The windmills are a characteristic feature of the Mykonian landscape. Scattered around the island and facing the North, they stand still overlooking the Aegean Sea and is the first thing seen while approaching to the harbor of Alefkandra. There are currently 16 windmills on Mykonos, seven of which are positioned on the famous landmak hill in Chora. Most of them were built by the Venetians in the 16th century, but construction continued into the early 20th century. They were primarily used to mill wheat and were an important source of income for the inhabitants. Their use gradually declined until they ceased production in the middle of the 20th century. The windmills are no longer operational but some of them have been renovated and converted into museums.
A miniature Cycladic version of Italian Venice, located in the southwest end of the harbor in Chora is inviting you to see a multicolored neighborhood that gives the impression of floating on water, since the houses stand on the very waterfront and get hit by the waves.
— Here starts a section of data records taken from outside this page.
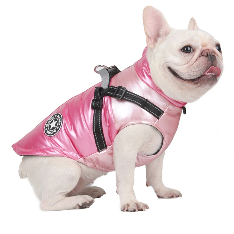 Chaqueta para perros con arnés, ropa cálida de invierno para perros pequeños y medianos, abrigo impermeable para mascotas, disfraz de Bulldog Francés de Chihuahua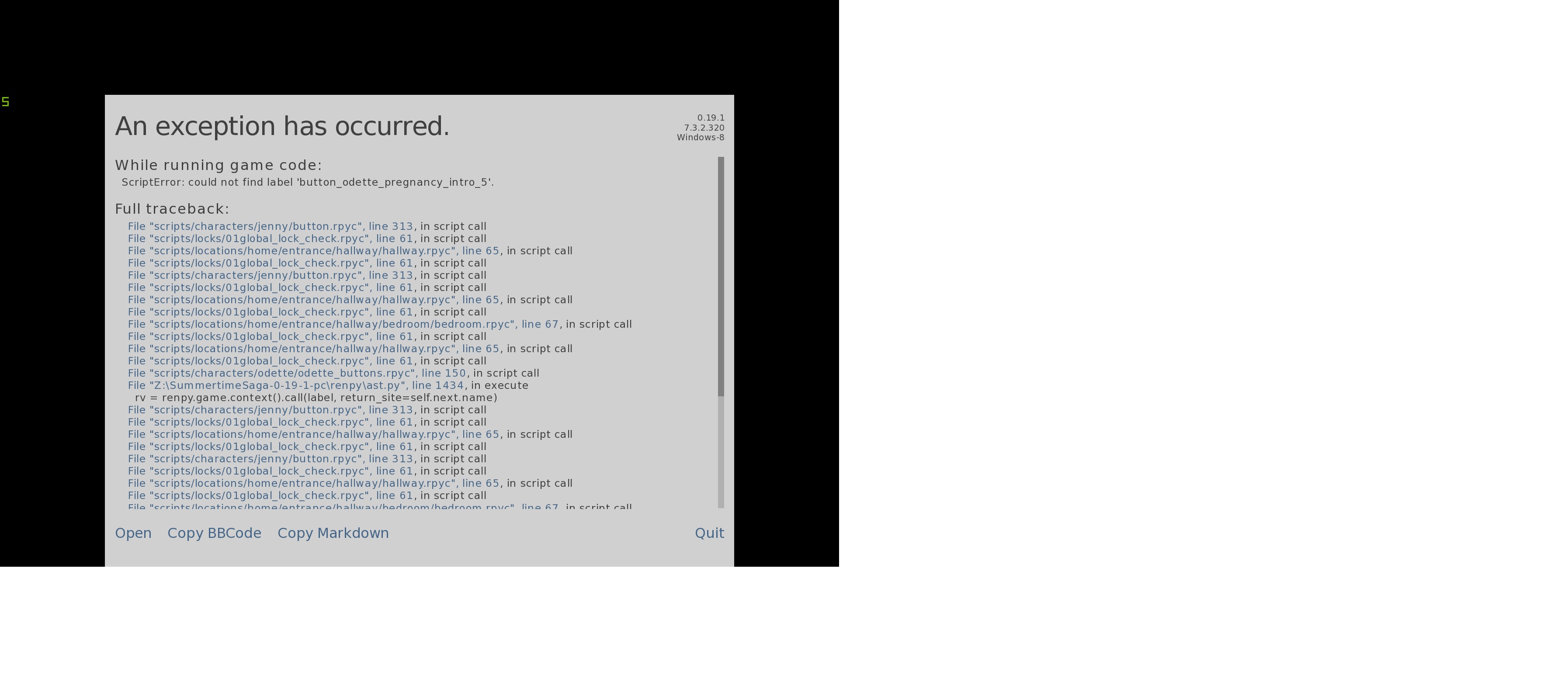 | Description | When odette has the second child birth and she's at the garage holding the baby and when you try to interact with Odette then game crashes without possibility to ignore. | ||||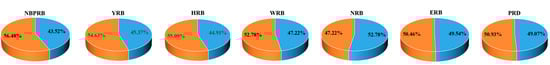 In the PRB (Figure 9b), the peak magnitude of 81.82% of droughts (9) increased. The largest increase in the peak magnitude was 0.6386 (no. 5), and the maximum growth rate was 133.89% (no. 12) and the minimum growth rate was 3.29% (no. 1). There were two droughts with declines in the peak magnitude, and the reduction rates were 5.10% and 16.21%. However, there are large differences in the results affected by human activity between the sub-basin and the PRB. Except for the WRB and the PRD, at least 50% of drought peaks were weakened in the other five sub-basins. In the NBPRB and the HRB, the peak magnitudes of 55.56% droughts were cut. Droughts with the largest peak reductions occurred in the HRB (91.13%). The seven sub-basins were sorted in ascending order of the average peak magnitude reduction levels, and their arrangement was as follows: the NRB (39.29%), the HRB (37.01%), the WRB (35.37%), the NBPRB (26.71%), the ERB (26.24%), the PRD (20.84%), and the YRB (15.13%). Combining the probability and procedures of peak magnitude reduction, the HRB was found to be the sub-basin with the largest peak magnitude reduction. Human activity had an effect on reducing the peak magnitude and the ability to exacerbate them. According to statistics, the PRD had the highest probability of the exacerbated peak magnitude (70%). The average peak magnitude intensification levels in each sub-basin were as follows: the NBPRB (349.58%), the YRB (118.05%), the HRB (105.75%), the WRB (36.59%), the NRB (56.20%), the ERB (53.40%), and the PRD (140.52%). Although the average level in the NBPRB was greater than that in the PRD, only two droughts in the NBPRB had peak magnitude intensification. In the PRD, there were seven occurrences of this situation. Therefore, the PRD was found to be a sub-basin with the largest peak magnitude intensification.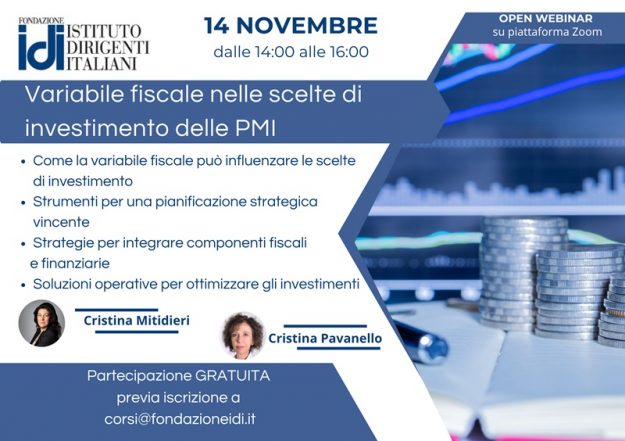 Il nuovo open webinar gratuito organizzato da Fondazione Idi (Istituto Dirigenti Italiani): “Variabile fiscale nelle scelte di investimento delle PMI”, è stato posticipato a Venerdì 21 novembre dalle 10:00 alle 12:00 a distanza. Per iscriversi, è sufficiente inviare una mail all’indirizzo corsi@fondazioneidi.it indicando: Nome – Cognome – Azienda – Ruolo svolto – Indirizzo…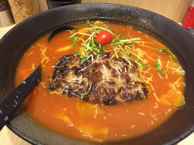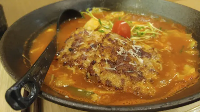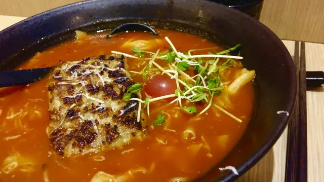 呢度所有都係蕃茄湯底 聽訪問話老闆唔想做到雜哂 想專注做蕃茄湯底嗌左蕃茄茄子麵($85)同蕃茄漢堡扒麵($90)價幾黎講都幾貴 不過正宗既拉麵都大約呢個價錢即管試試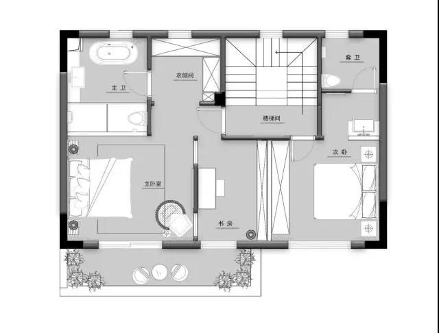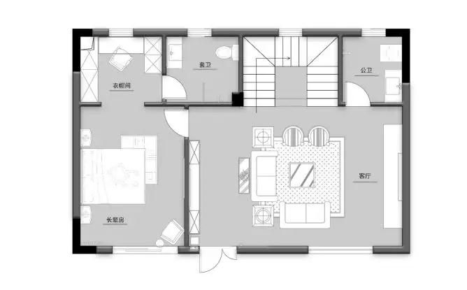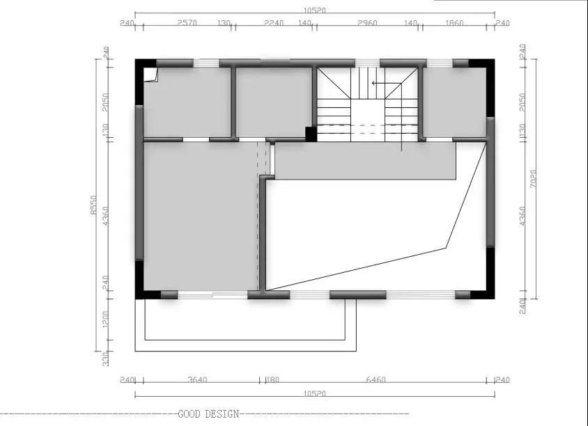 戶型缺點(diǎn):側(cè)面承重梁阻擋樓梯;縱梁重且低;無(wú)通風(fēng)采光。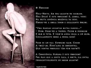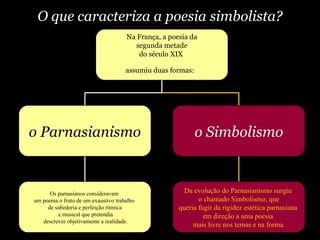 O documento descreve o Simbolismo como um movimento literário que surgiu na França no século XIX, caracterizado pela sugestão, criação de imagens fluidas e apresentação subjetiva da realidade. Aponta Baudelaire, Mallarmé, Verlaine e Rimbaud como ícones do Simbolismo, e destaca Cruz e Souza, Alphonsus de Guimaraens e Augusto dos Anjos como expoentes do Simbolismo no Brasil.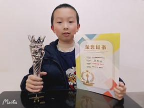学棋初期,也许是兴趣使然,骆思纬对国际象棋知识的接受比较快,半年时间已经学会如何进攻和防守并好好下完一盘棋。2020年初疫情来袭,国象的学习转移到了网上,窝在家里的骆思纬开始每天坚持做蓝宝书答题,偶尔也在国象联盟上找对手切磋,六月份迎来第一次网络定级赛,初生牛犊不怕虎的他五战拿四分跨级晋级为9级棋士,两个月后的又一次网络晋级赛中再次五战四分跨级晋级为7级棋士,等到线下晋级赛重新开启,当骆思纬随着16个小伙伴站到真正的领奖台上时(组别前16名都能上台,骆思纬获得第六),他被震撼到了,原来晋级组别的冠亚季军都有那么漂亮的奖杯,从此一颗梦想的种子在这个“小兵”的心里种下,回家的路上还不忘给我和他爸念叨:“我一定要拿个奖杯回来”。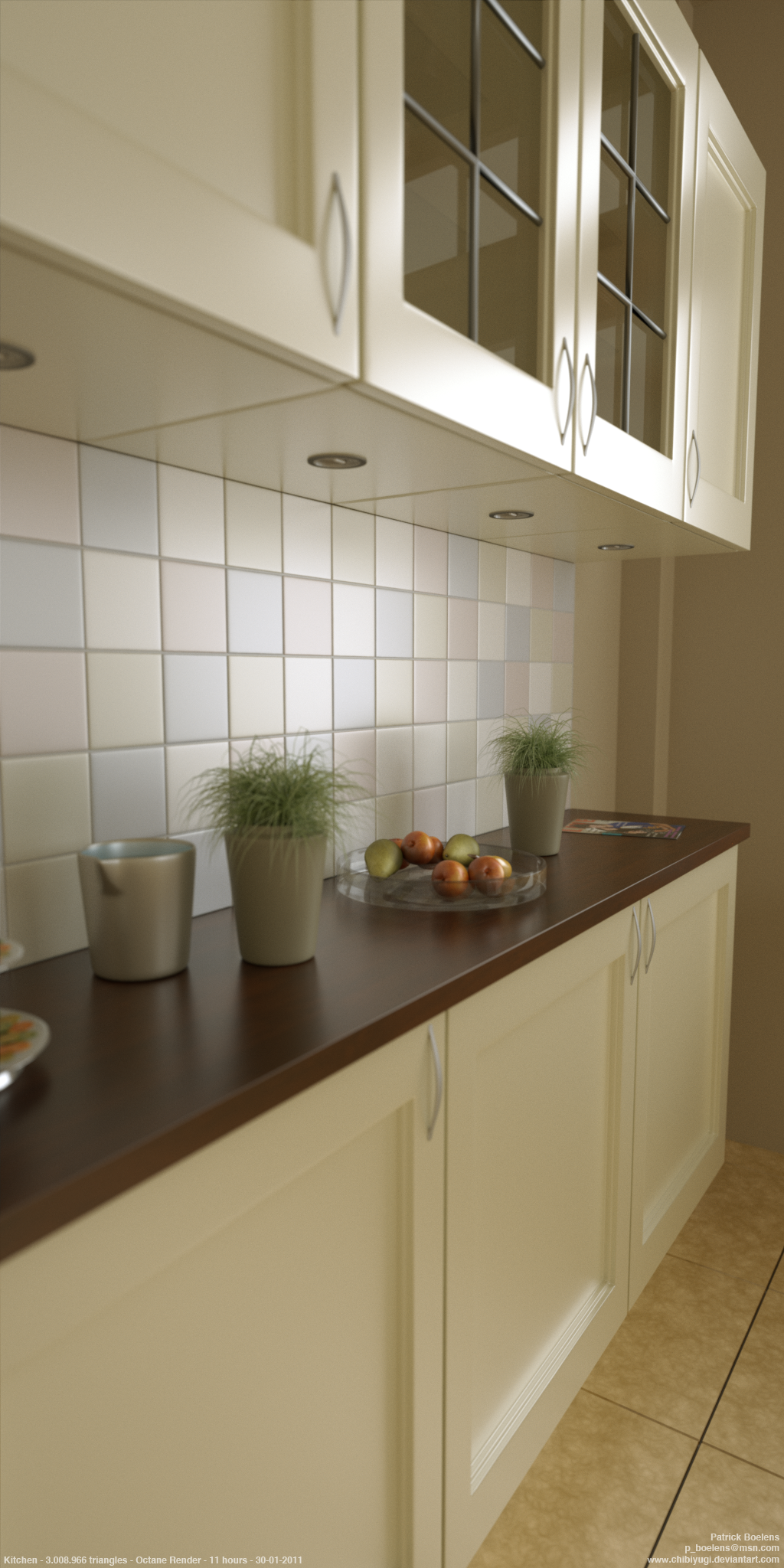 Textures of the small (blurry) fruit portions in the bowl on the left are from CGTextures.com and used with permission. Texture of the cupboard is from CGTextures also and was touched up and color corrected in Photoshop CS5.

The whitewashed narrow streets shape up a maze, originally designed to confuse pirates if they attacked the town, open up a new world to explore and, why not, let yourself get lost in it!
Houses in Mykonos feature the distinguished Cycladic architecture, built in a cubic scheme and whitewashed, with wooden windows and doors painted in intense colours, flat roofs and flowered balconies. The narrow alleys are also lime washed, so they have a bright white colour. The special characteristic of the architecture in Mykonos, which slightly differentiates from the rest of Cyclades, is that the houses have a smooth and asymmetrical shape on their corners, attributing a perfect harmony to the whole form.
Delos island lies near Mykonos and is one of the most important mythological, historical and archaeological sites in Greece. It is considered as the birthplace of Apollo, the god of light and music, and his twin sister Artemis, the goddess of the hunt and wilderness. Boats from Mykonos arrive on the west coast of Delos Island, in the Commercial Harbor near the south end of the ancient ruins.